Las risas de una pareja que estaba justo enfrente de su mesa le llamaron la atención. Los observó un momento, el necesario para crearse una idea de ellos y el suficiente para no incomodarlos. Eso es algo que hay que aprender, cuál es el tiempo preciso para mirar a la gente. Ella iba vestida de blanco, seguramente era residente en alguno de los hospitales de la zona. De tez morena clara, con ojos oscuros y profundos, sonrisa plena y el cabello corto, a la altura del cuello, una melena lacia que caía con tanto peso que parecía que cada cabello tenía un pesa diminuta e invisible en la punta. Era guapa, concluyó. Él, un oficinista, quizá jefe de área del departamento contable del hospital donde ella trabaja. Vestía un traje gris prefabricado, de un casimir de dudosa calidad, tal vez es poliéster, pensó, pero no se atrevió a asegurarlo, había aprendido que las telas hay que sentirlas en los dedos para comprobar su calidad, pero con ese traje ya tenía dudas sobre la conveniencia de salir con alguien como él. Camisa morada y corbata a rayas, esa sí, sin dudar, decidió que era poliéster, completaban el cromo unos zapatos negros sin bolear y calcetines de rayas azules. No era feo, pero tampoco era guapo. Un tipo que puede pasar por la calle sin que nadie se detenga a verlo. Se desenvolvía como lo que era, un sujeto con cierta cuota de poder, suficiente para sentirse el amo del universo. Se le notaba en la manera de sentarse, sin elegancia, con la conciencia de saber que nadie puede decirle nada porque él dicta las reglas. Chascó los dedos para llamar a la mesera.
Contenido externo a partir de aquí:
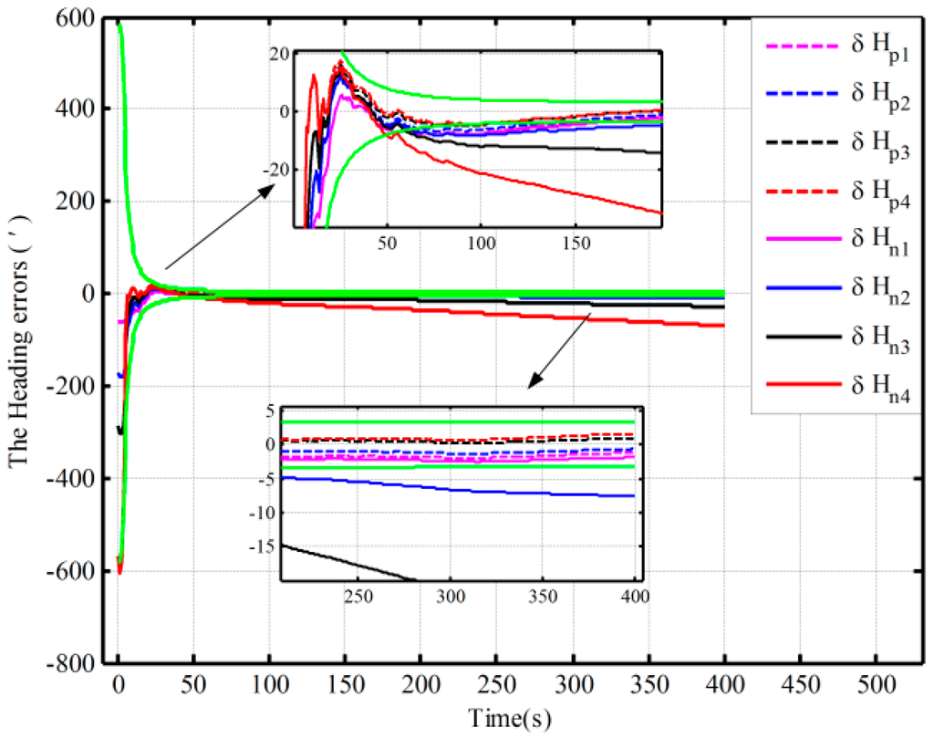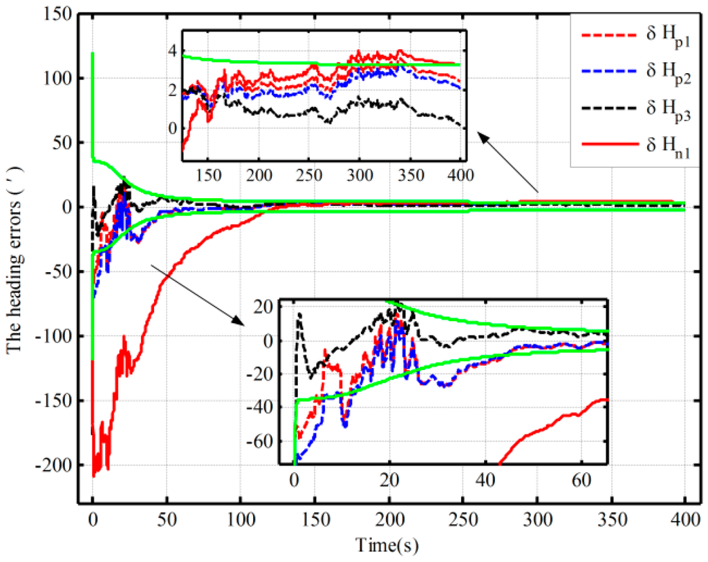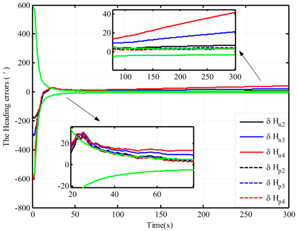 Figure 3 shows the alignment error curves of the attitude by intentionally adding initial attitude errors (1° for heading; 0.3° for both pitch and roll), where the theoretical predictions of the heading (square root of ; for the matrix , if not explicitly stated, all matrices denote the error variance matrix in this paper) is denoted by the green solid lines. In Figure 4, only the alignment results of the heading under the other three cases are shown, where the theoretical predictions of the heading (the square root of in Case 4) are shown with the green solid lines. In Figure 3 and Figure 4, the dotted lines represent the estimations by the proposed algorithm, solid lines denote the estimations based on the traditional algorithm, and the partial magnifications of the alignment results are also shown in the two figures.
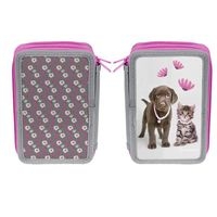 Piórnik 3-komorowy bez wyposażenia. Zadrukowane kolorowe wnętrze.
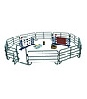 Setul include: 9 garduri gri, 1 poartă de gard, 2 obstacole de sărit, 1 ladă cu hrană pentru cai, 1 sac de hrană și 1 hrănitor.
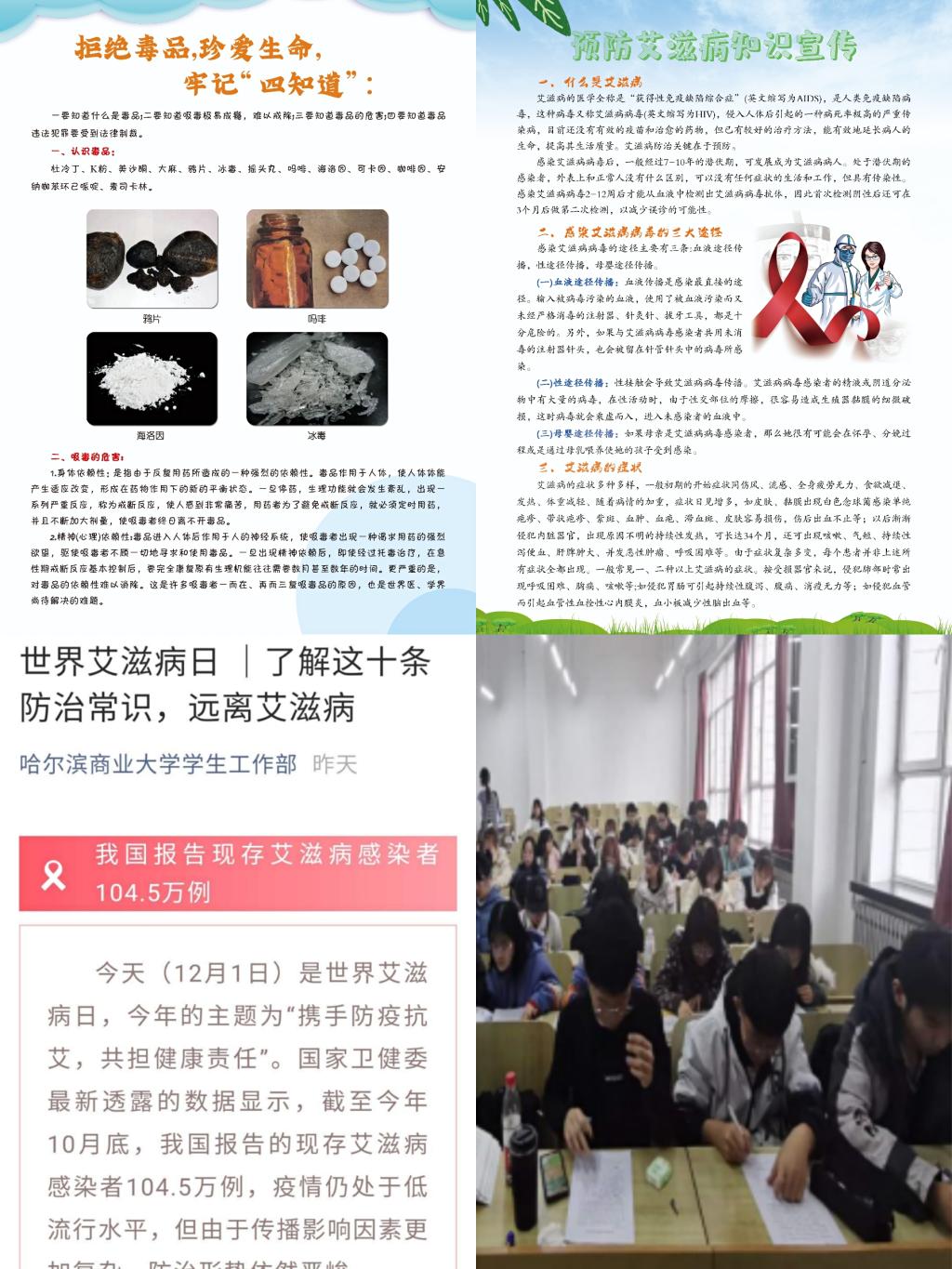 我校高度重视学生思想政治教育工作,学生工作部对学生群体特别是2020级新生制定宣传教育工作方案,开展全覆盖、立体化、多维度的校园宣传教育活动,积极主动、分层分类做好宣教工作。按照“以生为本、贴近实际、贴近需求、贴近学生”的工作原则,本着“思想引领、文化引导、情感引育”的工作思路,依托全媒体网络平台,构建宣传教育矩阵,通过发放预防艾滋病知识宣传单、禁毒宣传单和防范校园贷宣传单等线下宣传,并利用“哈尔滨商业大学学生工作部”微信公众号向全校学生推送文章让学生深入了解相关知识、提升防范意识等线上宣传活动,从而达到宣传教育常态化的目的。

– ¿Ya están listos para ordenar? Preguntó con la amabilidad ensayada para el caso.

Él, con la mirada clavada en su acompañante, dijo:

– Yo, ya. No sé ella.

Había un tono imperativo y un dejo de sarcasmo malparido, de esos que incomodan.

La morena guapa, contrariada, apuró una decisión.

– Un café americano. Indicó con cierta prisa y pudor.

– Para mí, dijo él, un latte.

“Un latte”, se río para sus adentros cuando recordó la conversación que había tenido con Antonio, su amigo pintor y de vida ermitaña que no entendía de mujeres, pero que tenía muy claro qué debían hacer los hombres:

– Mira, Zalez, los hombres deben tomar el café solo. Y cargado de preferencia. Esas mariconadas de capuchino, latte, frappé, son para presumir que puedes pagar una bebida y decirle a todo el mundo que, además, eres un estúpido, porque si eres capaz de echar a perder con espumita, figuritas, canela en polvo y crema batida un café, ten por seguro que no enfrentarás con hombría la vida, necesitarás florituras para ocultar que no tienes ni puta idea de lo que significa vivir. Es como comprar un whisky de malta de 30 años para emborracharse, a ver si me entiendes. Puras gilipolleces.

Remataba así cuando su vena peninsular se asomaba, aunque él se esforzaba tanto en ocultar.

“Vaya mariconada”. Se dijo a sí mismo mientras regresaba la mirada a ningún sitio.